Effects of shASB10 on outflow facility in human anterior segment perfusion culture. (A) shASB10 or control shRNA lentivirus was applied to human anterior segments in perfusion culture at time point 0. The number of replicates is shown. Error bars represent the standard error of the mean. Outflow facility was measured for a further 5 days. *P = 0.002 flow rates just prior to application versus at 120 h as determined by a paired Student's t-test. **P = 0.01 control shRNA versus shASB10 by an unpaired Student's t-test. (B) qRT-PCR of ASB10 mRNA levels in TM tissue extracts after outflow experiments.

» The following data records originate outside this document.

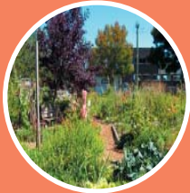
Mt. Pleasant Community Garden: A garden plot can produce vegetables all season long in Vancouver.

Health: Edible plants are nutritious and delicious. By participating in growing and harvesting your own food you can also ensure that no chemicals are used on them.
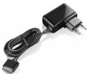
IdeaPad Tablet K1 18W AC Adapter (78Y7365)
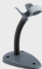
▪ STD-QD24-BK Stand, Black
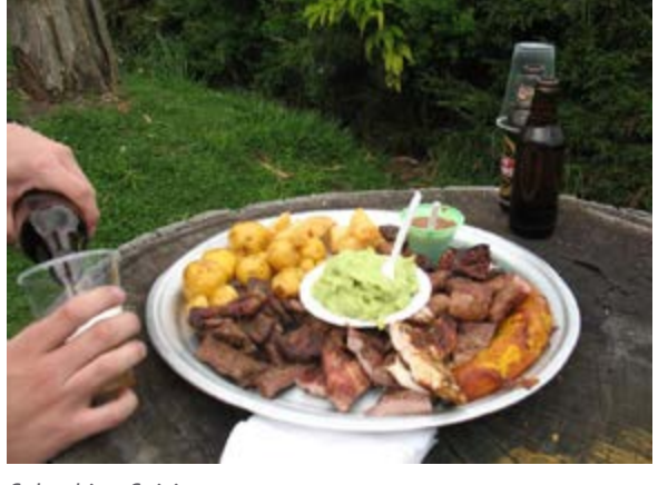
Colombian Cuisine

Colombian food has been heavily influenced by Spanish cuisine but it also bears the hallmarks of its neighbors such as Mexico, Brazil, Argentina and Peru.<sup>34</sup> Present at nearly every meal are starchy vegetables such as potatoes, arracacha (a root vegetable resembling a parsnip), yam, and cassava.<sup>35</sup> Popular meats include beef, chicken, and pork, although fish is often eaten on the coastal areas.<sup>36</sup> Frying is the most common cooking technique.<sup>37</sup>
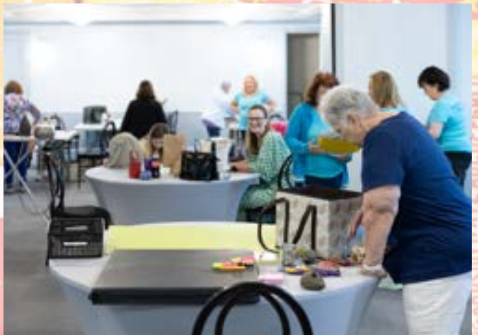
Everyone has a job!
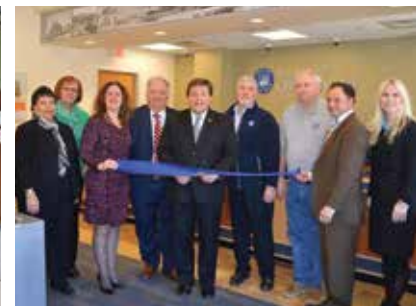
Mass Bay Credit Union
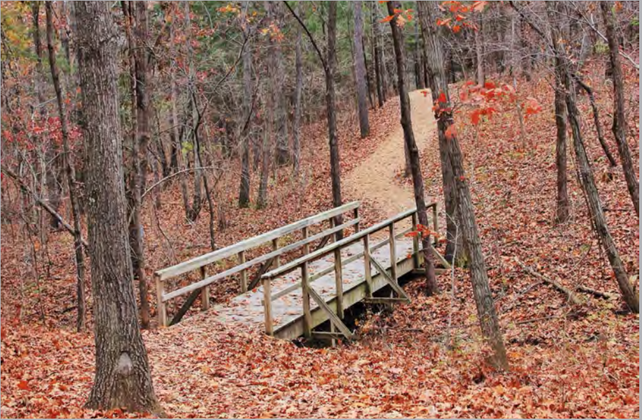
Bridge Photo courtesy of Missouri State Archives Publications Collection
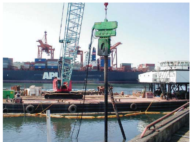
Cleanup at the Harbor Island Superfund site includes removing about 8,000 creosoted piles.

EPA signed two legal agreements this past year that make these major cleanups possible. Cleanup plans include removing four-plus acres of piers, removing about 8,000 creosoted piles, dredging more than 300,000 cubic yards of contaminated sediments, capping more than four acres of contaminated sediments, and improving habitat for salmon.
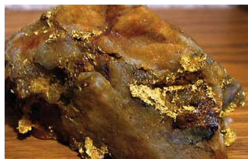
Spectacular gold in quartz specimen from Valentine Mountain's Discovery Zone
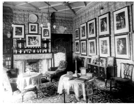
Interior Ryecroft Hall around the time Austin lived there
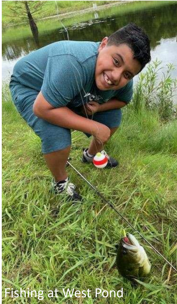
Fishing at West Pond
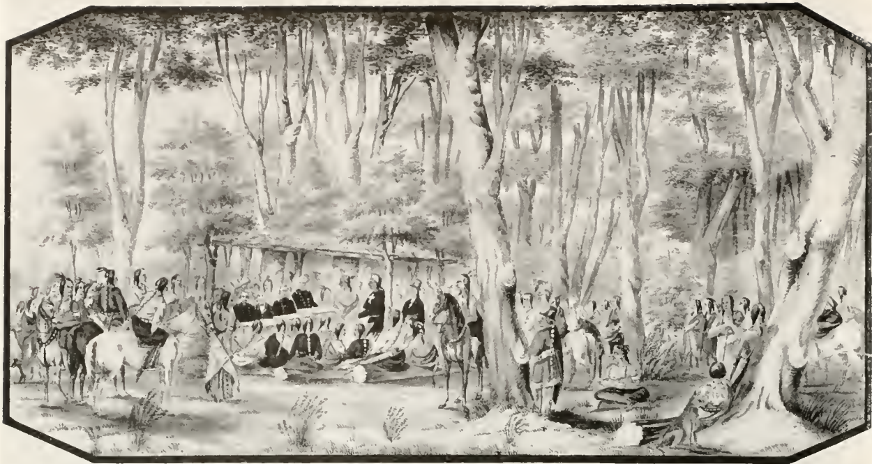
Figure 3. —Satanta addressing the peace commissioners at Council Grove, Medicine Lodge Creek, Kansas. (U.S.V.M. 384183; Smithsonian photo 38298.)

with some distinction as Brotherton was breveted major for gallantry as a result of his unit's performance. 13 Unfortunately for posterity, Stieffel did not record his impressions of this little-known sideshow of the Civil War.
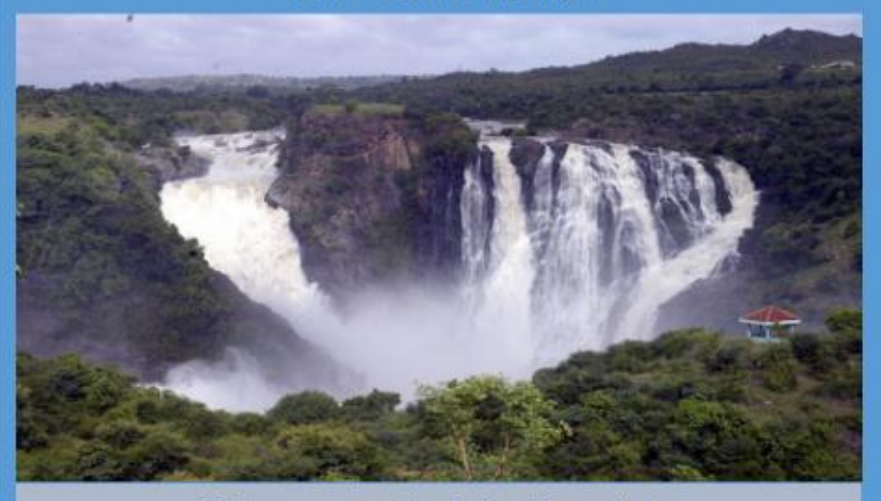
Shivanasamudra Falls, Karnataka
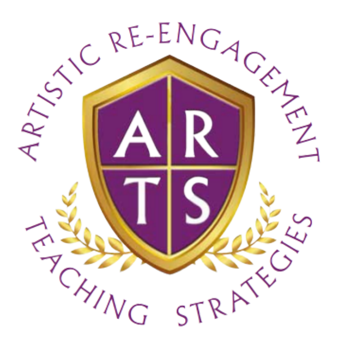
Creating: Self-Worth, Opportunities & Compassion
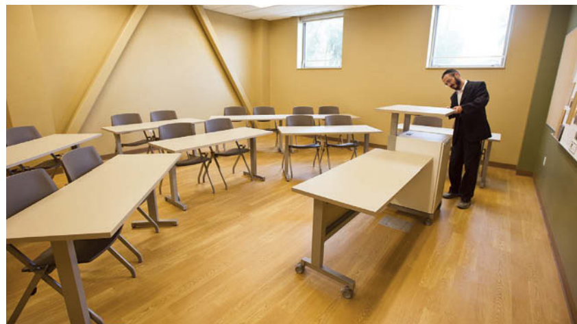
Rabbi Mendel Stein adjusts an instructor's desk in one of the classrooms.
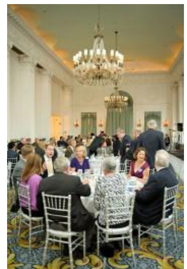
Illinois Section members enjoy their networking and socializing at the awards recognition dinner
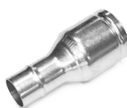
P10867 IRON REDUCER Ø 70/40MM Reducer for vacuum quick fitting in galvanised steel 70/40 mm diameter
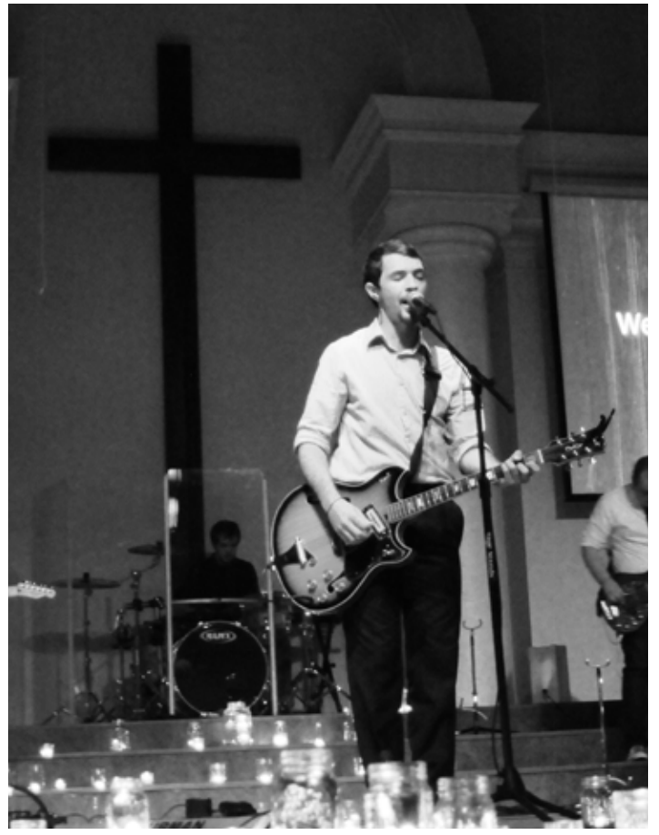
Student led Worship in R.G. Lee Chapel

A course designed to assist the student in becoming effective in planning, organizing, building and growing a music and worship ministry. Subjects discussed will include long-range planning, organization, calendaring, budgeting, maintenance of resources such as libraries, instruments and equipment, and coordinating with other ministries of the church. Three semester hours credit.
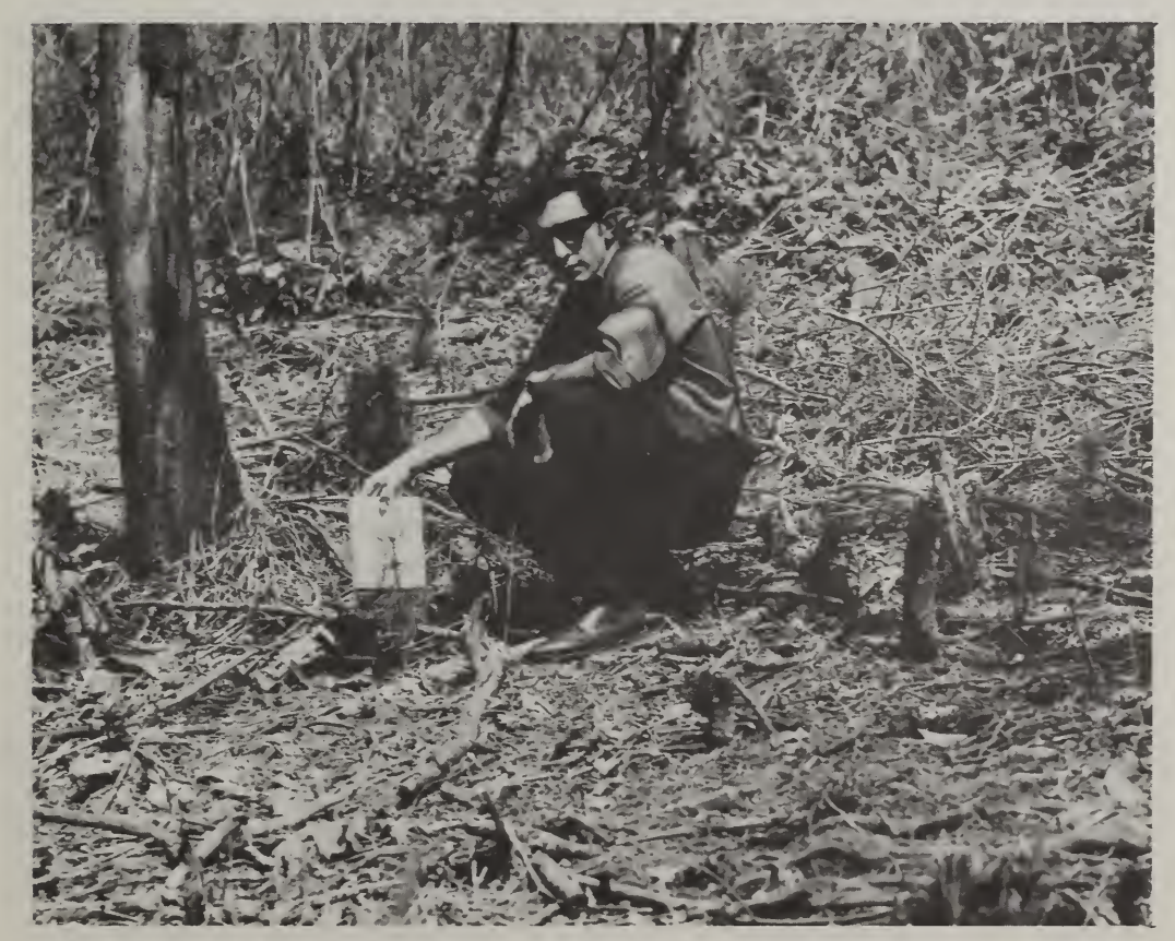
Figure 14. – Volcanic site 4.3 months after planting. This plot had an overstory of hardwoods and received treatment A. It was last cleaned 0.3 month earlier.
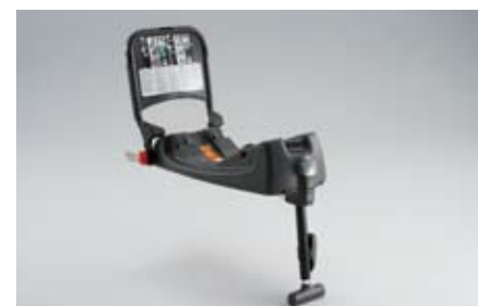
94 Childseat SUBARU Baby safe ISOFIX base F410EYA900 In order to install the childseat safely using ISOFIX anchor points. To be used together with F410EYA104.
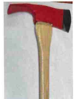
PULASKI Part#: 881-3635

ASB10 mRNA levels were reduced ∼95% in shASB10-infected TM (n = 5) when compared with control-infected TM (n = 3). *P = 0.02 as determined by an unpaired Students's t-test. (C, D) ASB10 immunostaining (red) of tissue post-silencing of control (C) and shASB10-infected (D) TM. Fibronectin (green) was used as a counter-stain in both images. Note that the confocal settings were identical for each image and the images were representative of five shASB10-infected eyes and three controls. DAPI was used to stain the nuclei blue. Scale bars, 20 µm.